Maybe it is over with the husband, but there is no way in h*ll that you will find your happily ever after with this mooching, low achieving, not accepting responsibility, guy. How are you going to feel when he somehow gets his license back, you buy him a nice car, make the monthly payments, and he slacks off even more, and you're footing all the bills, and he's frivolously spending your money. things don't look good with guy #2 either.

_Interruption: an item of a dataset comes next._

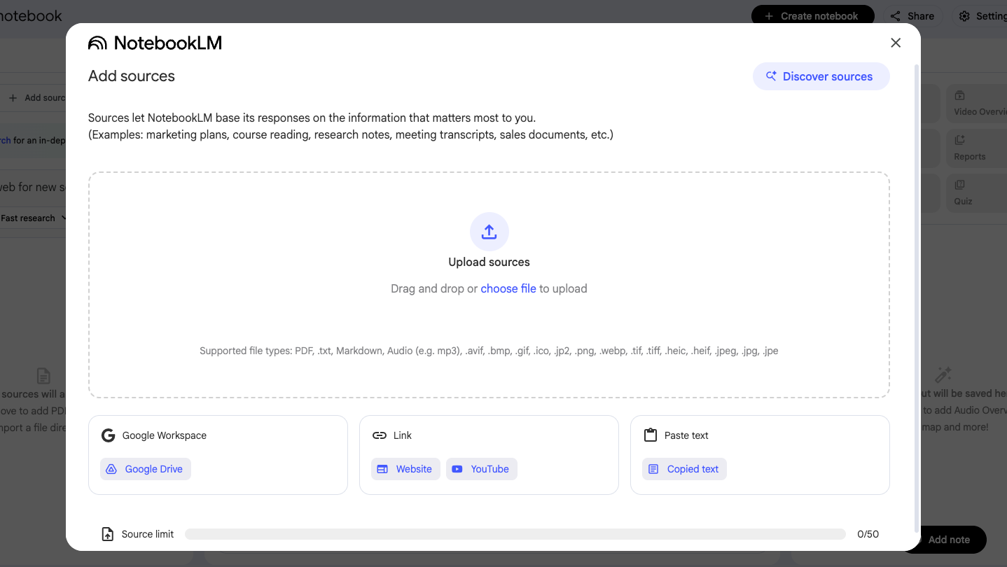 NotebookLM gives you five ways to add material. In the tutorial we show all of them.

Fess up to your husband. Agree to counseling (if he doesn't kick you out) and maybe there's a spark there that can re-ignite with mutual respect.


----------



## Wazza

choochoogirl said:


> I knew it was the right thing to ask for advice on here. So many of you have been there before and I value the unbiased advice.
> 
> I am getting tremendous guilt from the OM. He wants me to shaft my husband, I keep the beautiful home I built with my husband for our kids and he eventually moves in ... Drives my Mercedes. I admit the fact that the OM has no drive and ambition to do better with his life has affected my long term decision as to what to do with him. I honestly don't want to hurt anyone's feelings but that is inevitable. The OM will surely end up hating me ... Which does break my heart ... But at the same time he has had two years to better his life and do more for himself ... Yet the pressure keeps coming back onto me to make a decision to leave my husband and be with him. I did say in my first post that I have always thought if myself as his meal ticket out of his boring almost nothing life ... But why can't he see that he needs to bring something to the table ...
> 
> On the matter of my husband look things are ok but not rosy ... Things have happened in the last 12 months that have shown me his general lack of respect for me (before you all jump down my throat ... I know what I have done). He has bought 2 houses without asking me ... Put us into $800k worth if investment debt ... No questions no consultation. His general lack of empathy and behaviour with the children has also affected my love for him ... Much of it is hard to overcome. None of these are excuses I am we'll aware of that ...
> 
> Thanks ... Please keep the advice coming it is really helping me .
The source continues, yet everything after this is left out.